高级密度矩阵 API

pythonic API 紧密遵循密度矩阵 C-API 的结构,为不同的概念(例如量子态和算符)提供单独的对象。

WorkStream

pythonic API 的基础是 WorkStream 对象,它将一些配置设置、cuDensityMat 库句柄、CUDA 流、CUDA 设备和工作区缓冲区聚合到一个对象中。工作区缓冲区根据与 WorkStream 实例交互的其他 API 对象的要求自动分配。可以在创建 WorkStream 实例时指定分配的工作区缓冲区大小的上限。工作区缓冲区在显式调用 WorkStream.release_workspace() 方法之前不会释放。在一般用法中,每个设备应该只创建一个 WorkStream。其他 API 对象在其生命周期内只能与一个 WorkStream 交互。目前仅支持阻塞操作,即 API 调用仅在设备上完成任务后才返回。

from cuquantum.densitymat import WorkStream
ctx = WorkStream(device_id=0)

通过将其 WorkStream.set_communicator() 方法将通信器传递给 WorkStream,支持多 GPU 多节点执行。请注意,此步骤必须在 WorkStream 传递给任何其他 API 对象之前执行。请按照 cuDensityMat MPI 设置 中的说明设置 MGMN 执行的环境变量。除了设置通信器之外,多 GPU 执行产生任何影响的唯一地方是指定量子态,其系数将分布在所有 GPU 上。

from mpi4py import MPI
import cupy as cp
from cuquantum.densitymat import WorkStream

comm = MPI.COMM_WORLD.Dup()
rank = comm.Get_rank()
num_devices = cp.cuda.runtime.getDeviceCount()
dev_id = rank % num_devices
cp.cuda.Device(dev_id).use()
ctx = WorkStream(device_id=dev_id)
ctx.set_communicator(comm, provider="MPI")

张量空间和量子态

张量空间是作为一个或多个向量空间的张量积构造的复合线性空间。每个构成向量空间表示一个量子自由度,其维度等于向量空间的维度。复合张量空间的形状是构成向量空间的维度元组,按其原始顺序排列。请注意,张量空间的形状保持不变,无论我们处理纯态(位于张量空间中的向量)还是混合态(与同一张量空间关联的矩阵)。

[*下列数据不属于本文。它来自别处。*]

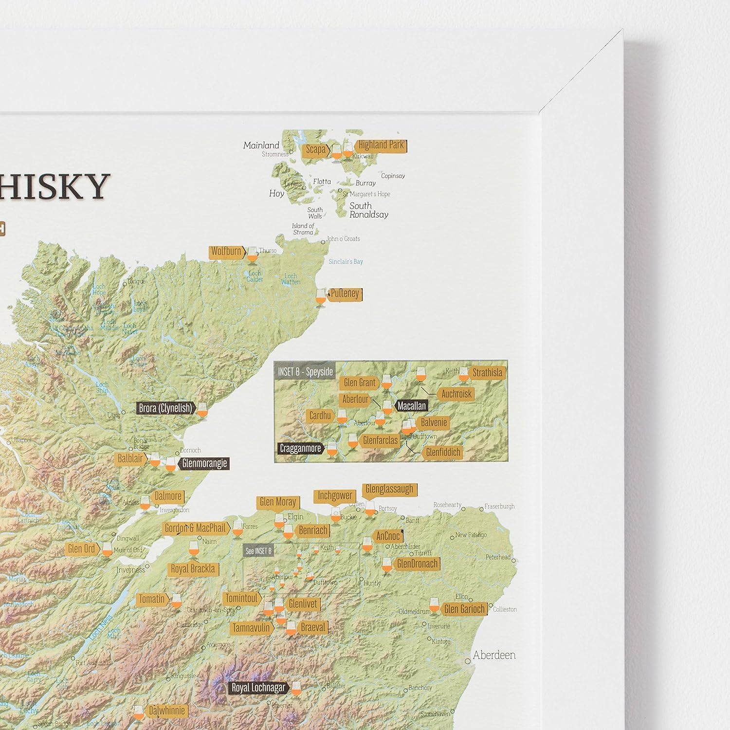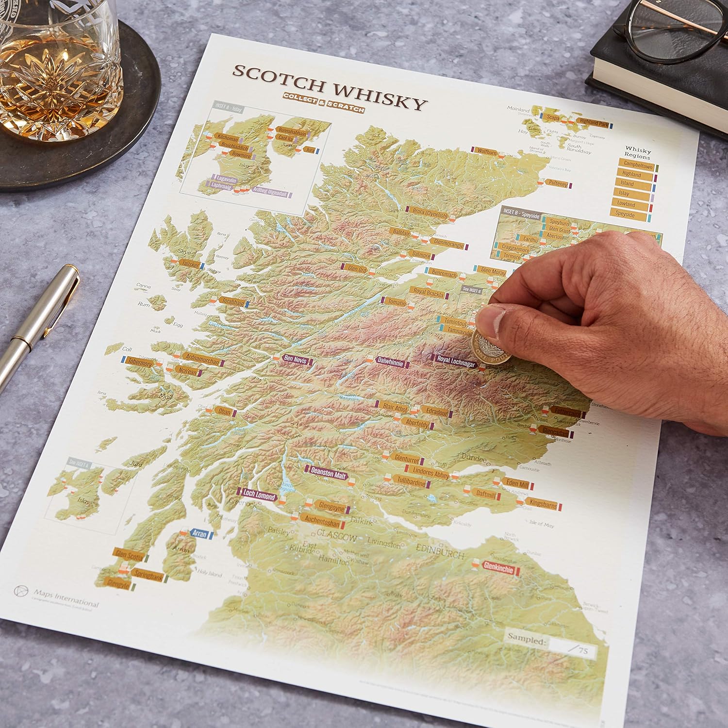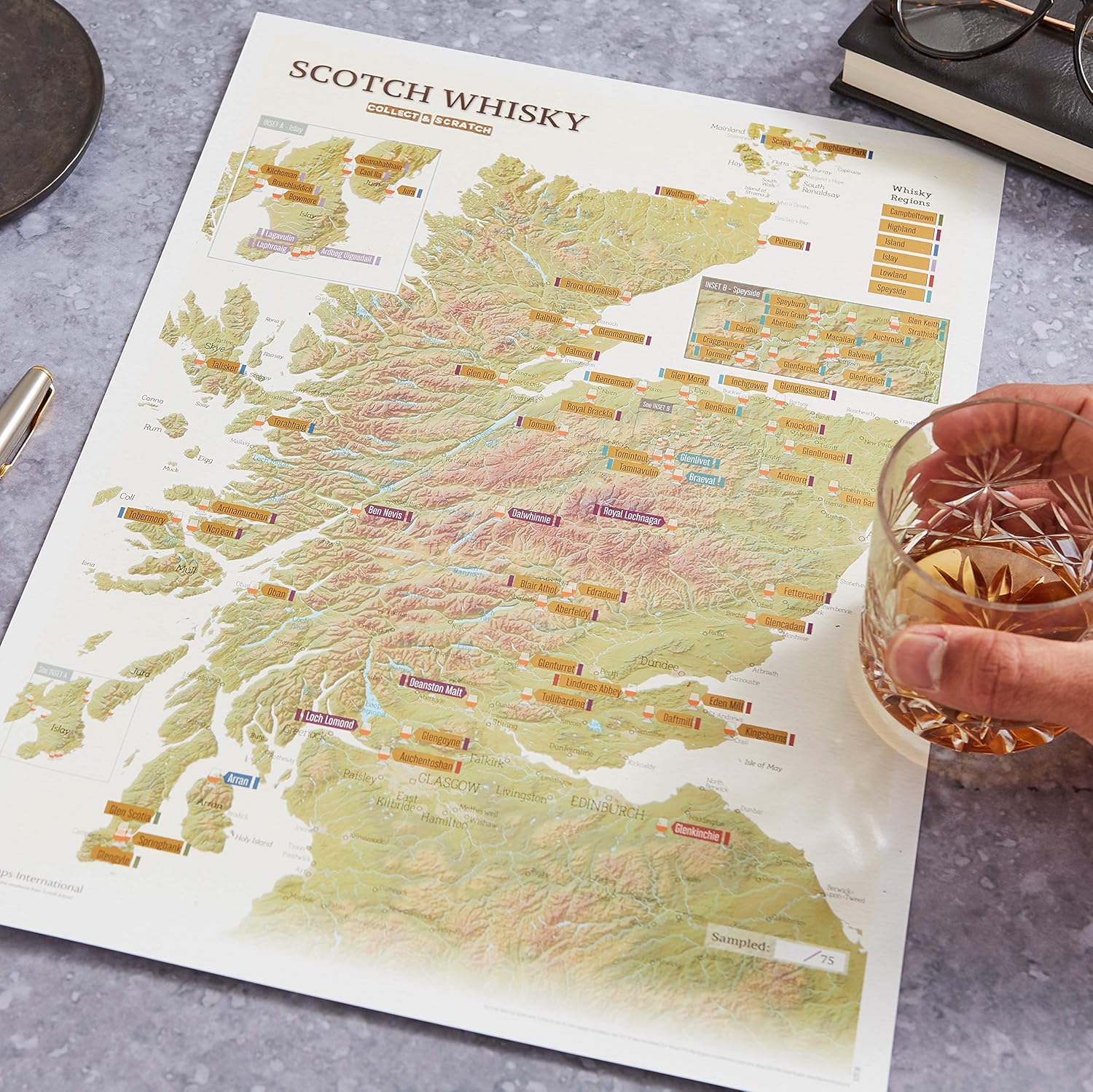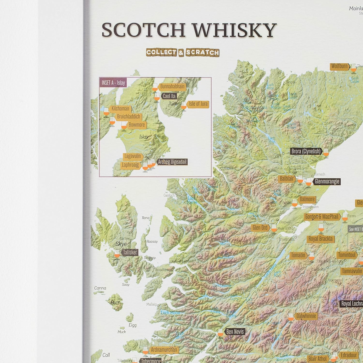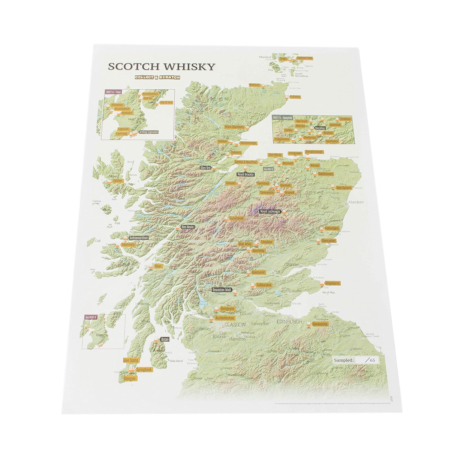 Prachtige kaart en erg gedetailleerd met mooie scratch labels om de geproefde of bezochte whisky’s aan te merken , Top!!

纯量子态由来自指定张量空间的张量表示,因此纯量子态的形状与张量空间形状一致。混合量子态由属于张量空间的张量表示,该张量空间构造为指定张量空间(主空间或 ket 空间)及其对偶张量空间(对偶空间或 bra 空间)的张量积。因此,混合量子态的形状是两个张量空间形状的串联,其中张量模式的前半部分对应于 ket 空间,而后半部分张量模式对应于 bra 空间。例如,如果张量 \(V[i0, i1, i2]\) 表示来自由三个向量空间(量子自由度)构造的张量空间的纯量子态,则张量 \(D[i0, i1, i2; j0, j1, j2]\) 表示来自同一张量空间的混合量子态,其中模式 \(i0, i1, i2\) 是 ket 模式,而模式 \(j0, j1, j2\) 是 bra 模式。在这两种情况下,对应的张量空间形状都是 \([range(i0), range(i1), range(i2)]\)

在 pythonic API 中,纯(混合)量子态由 DensePureState ( DenseMixedState ) 的实例表示。下面,我们使用密集纯态 DensePureState 类作为示例来提供详细说明。密集混合态的工作流程是相同的,并且这两个类具有相同的方法和属性。

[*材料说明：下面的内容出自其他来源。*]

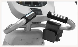 Неподвижные ручки тренажера оснащены контактными датчиками частоты пульса. Они повышают точность измерений и удобны для пользователей с разной комплекцией.
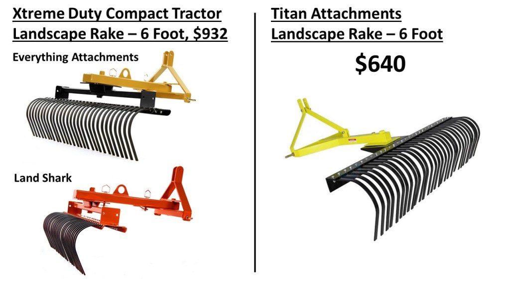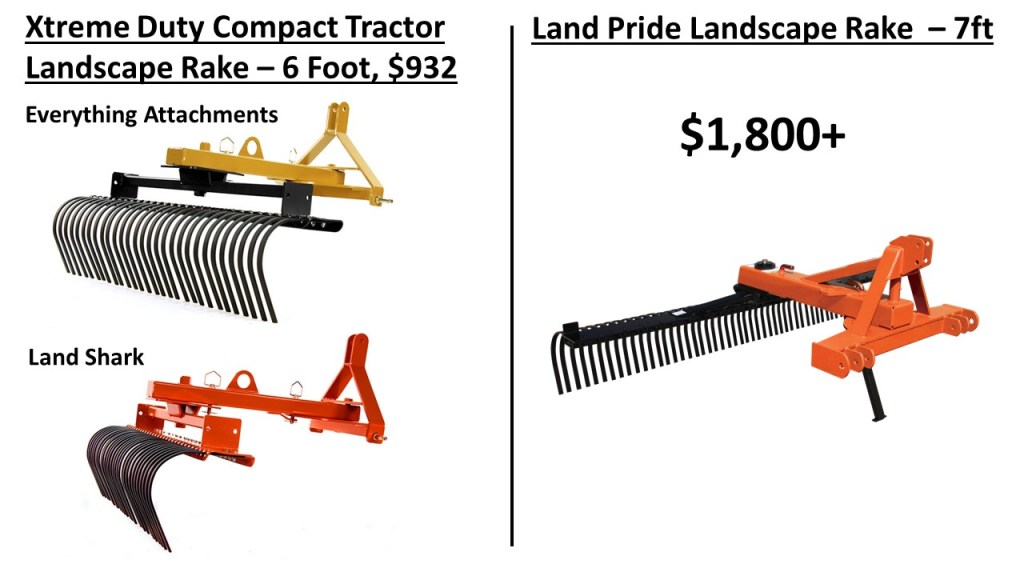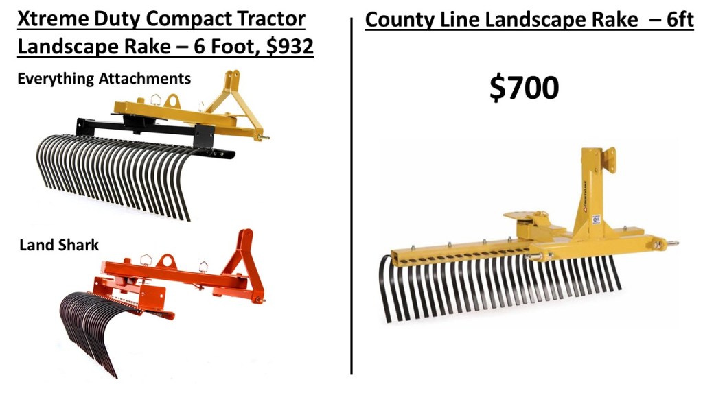 So, is the rake worth it? Let me put it into perspective for you. The 6 foot Xtreme Duty rake costs $932, which is certainly a big investment. But when I looked at other less expensive options, like a 6 foot rake from Titan Attachments at $640 or a 6 foot County Line landscape rake for $700. The build quality and features just weren’t there. I also consider a Land Pride rake. The only model with similar build quality and features was their 7ft LR3784 rake, but it’s priced at $1,800 or more. So, for me, the Everything Attachments rake seemed like a great value.

为了创建量子态,我们传递 WorkStream、希尔伯特空间维度、批量大小和数据类型

import cupy as cp
from cuquantum.densitymat import DensePureState

hilbert_space_dims = (2, 6, 4, 3)
batch_size = 1
dtype = "complex64"
psi_1 = DensePureState(ctx, hilbert_space_dims, batch_size, dtype)

创建的量子态尚无关联的物理存储。

为了将物理存储附加到量子态,有两种选择

psi_1.allocate_storage()

DensePureState.allocate_storage() 将分配一个具有 psi1.storage_size 元素的正确数据类型的 cupy.ndarray,并初始化为零。

size = psi_1.storage_size
psi_1.attach_storage(cp.zeros(size, dtype = psi_1.dtype))

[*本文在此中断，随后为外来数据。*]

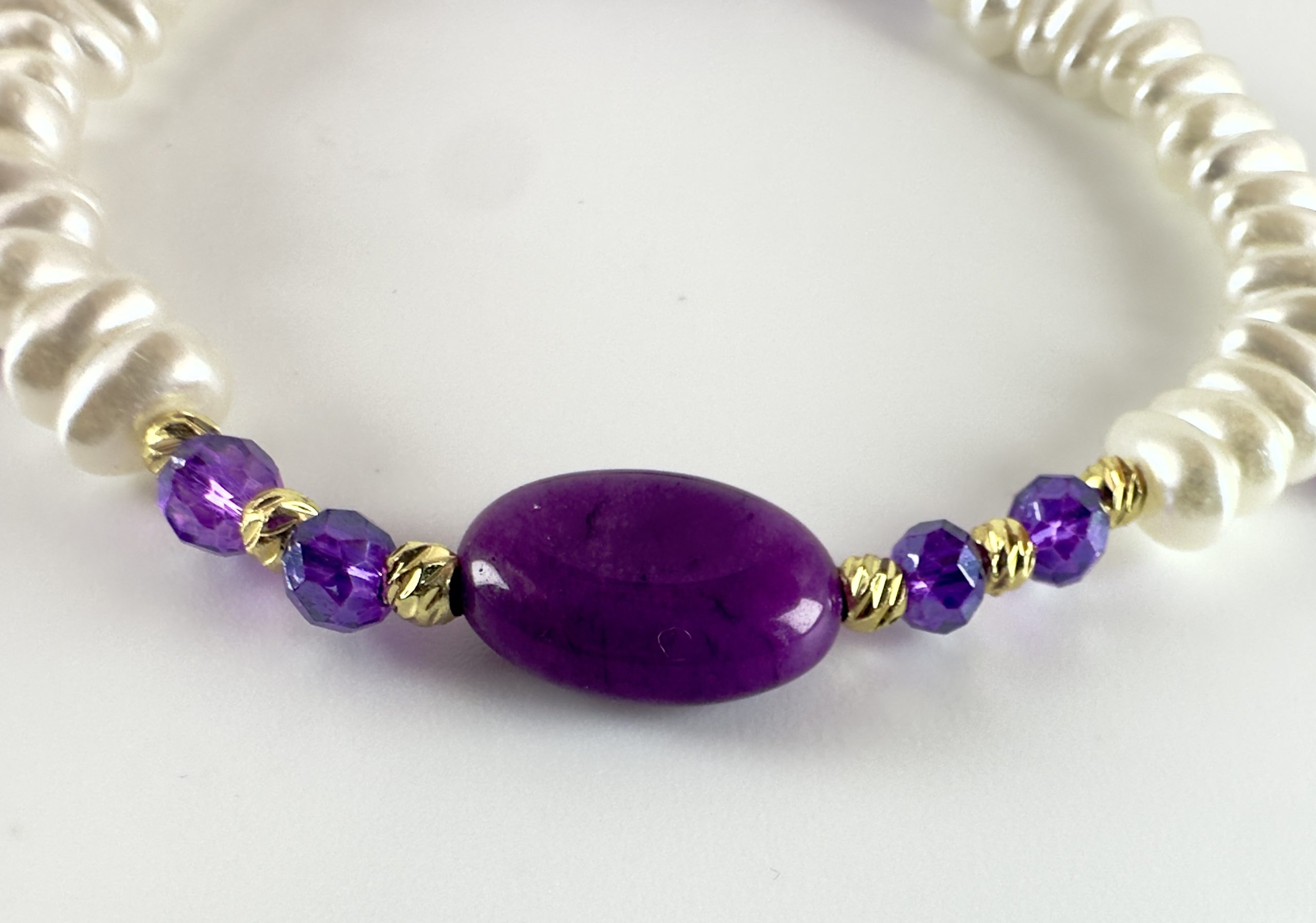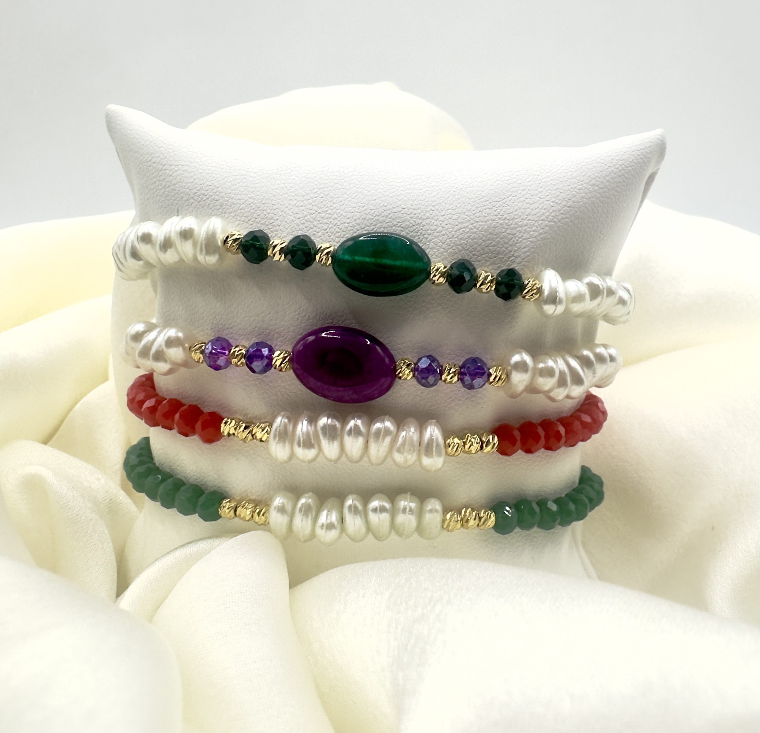 Bracelet avec perles précieuses et bijoux en acier inoxydable.

DensePureState.attach_storage() 允许用户传递一个具有 DensePureState.storage_size 元素的 cupy.ndarray,该数组位于与传递给 WorkStream 的设备相同的设备上。对于单 GPU 计算,存储大小对应于状态的系数数量,并且传递的数组可以是多维的。在这种情况下,数组需要是 Fortran 顺序的、连续的,并且与希尔伯特空间维度和批量大小匹配。

对于多 GPU 设置,每个进程仅存储状态系数的子集,我们将其称为切片。切片的大小可能等于或小于存储缓冲区大小。在多 GPU 执行中,仅允许一维存储缓冲区。切片始终位于存储缓冲区的前 DensePureState.storage_size 个元素中。

DensePureState.storage 返回附加的存储缓冲区。对于总模式数少于 32 个的状态,DensePureState.view() 返回切片上的多维可写视图。对于更大的系统,由于 cupy.ndarray 不支持超过 32 个维度,因此此方法将失败。DensePureState.local_info 返回本地切片的形状以及沿每个维度的偏移量。解释状态的系数或修改它们(例如,指定初始状态)需要此信息。请注意,即使批量大小为 1,批量大小也始终报告为最后一个模式。

对于纯粹用于单 GPU 执行的脚本,DensePureState.storage_sizeDensePureState.local_info 都直接从希尔伯特空间维度和批量大小得出,用户可以省略这些步骤。请注意,通过传递大小为 DensePureState.storage_size 的一维数组,用户脚本将在单 GPU 和多 GPU 执行之间直接可移植。

对于具有相同希尔伯特空间维度和批量大小的状态,通过 DensePureState.clone() 提供了一种创建新实例并直接附加存储的便捷方法。

psi_2 = psi_1.clone(cp.zeros_like(psi_1.storage))

除了用户直接操作存储缓冲区之外,还有几种方法允许逐元素操作,DensePureState.inplace_scale()DensePureState.inplace_accumulate()DensePureStateDenseMixedState 实例上的单项和二元归约通过 DensePureState.norm()DensePureState.inner_product()DensePureState.trace() 提供。

量子多体算符(超算符)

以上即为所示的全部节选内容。